Wednesday, December 23, 2020

Negro Leagues drawn from 10 percent of the population. How can their teams be as good as the white major league teams?

1940 census: 89.8% white, 9.8% black

Common sense says they can't. Then why has Major League Baseball (MLB) recently declared that the Negro Leagues 1920-1948 were major leagues? Let's leave reasons aside and consider some basics and consider the middle decade of those 29 years. As far as we know, the Negro Leagues were composed only of players who were U.S. black men and some dark skinned men from Spanish speaking countries like Cuba who could not pass for white in MLB. In other words, there were no white players in the Negro Leagues.

Because of the great economic depression of the 1930s, which impacted all U.S. citizens, baseball players, white and black, would have had similar drive and motives for playing ball. Whites had not yet been drawn into World War II, so the decade of the 1930s is a good time to consider. The percent of foreign born MLB players was very low in the 1930s.

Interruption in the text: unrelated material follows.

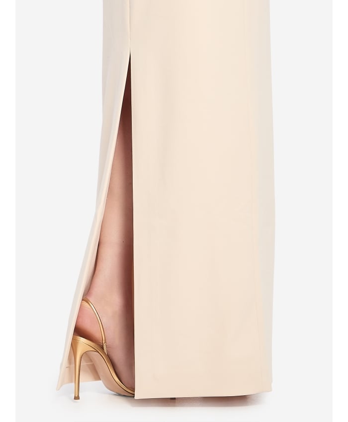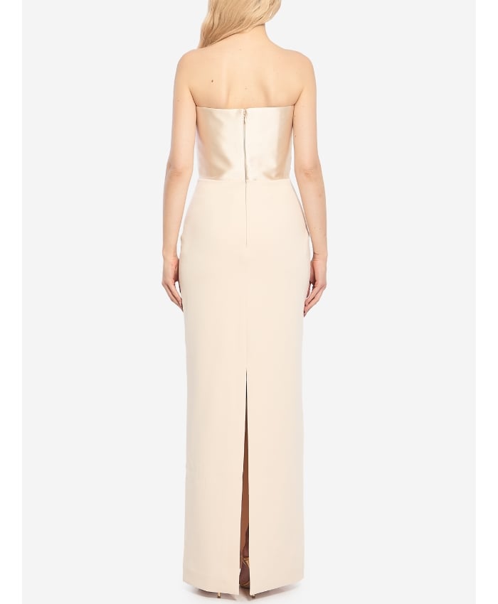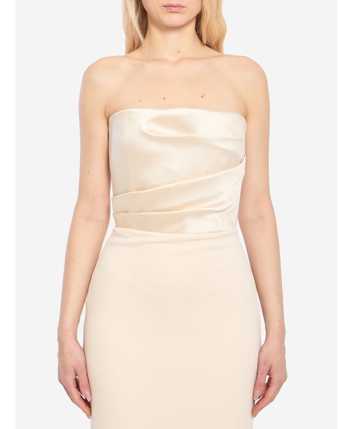 Afra long sleeveless dress in alabaster-colored polyester. It features a glossy strapless bodice, a straight, floor-length skirt with a back slit,

The black players were precluded from playing in "organized" leagues, including the two major, or best, leagues: the older National (senior circuit) and American (junior circuit). There was even a pecking order for them.

Some blacks had played in the 1800s but since the two major leagues achieved dominance in the early 1900s, it just wasn't done. Blacks were excluded until 1946 when the Dodgers assigned Jackie Robinson to play for its AAA team in Montreal. The handwriting was on the wall. In the first year after WWII, a black man was playing in one of the white "organized" leagues. Robinson performed well in 1946 and was promoted to the Brooklyn club of the NL in 1947. History.

That was 73 years ago.

We are now told something that very few baseball fans knew: a panel of experts in 1968 decided to declare that some old defunct leagues to be major leagues. 

MLB to include Negro leagues. Did Babe Ruth face Satchel Paige? Friday, December 18, 2020

“long overdue recognition" ...

"SABR (Society of American Baseball Research) has put together a group of experts to determine which Negro Leagues should be recognized by the organization as major."

MLB has chosen to rush to judgement and rely on its Elias Sports Bureau ...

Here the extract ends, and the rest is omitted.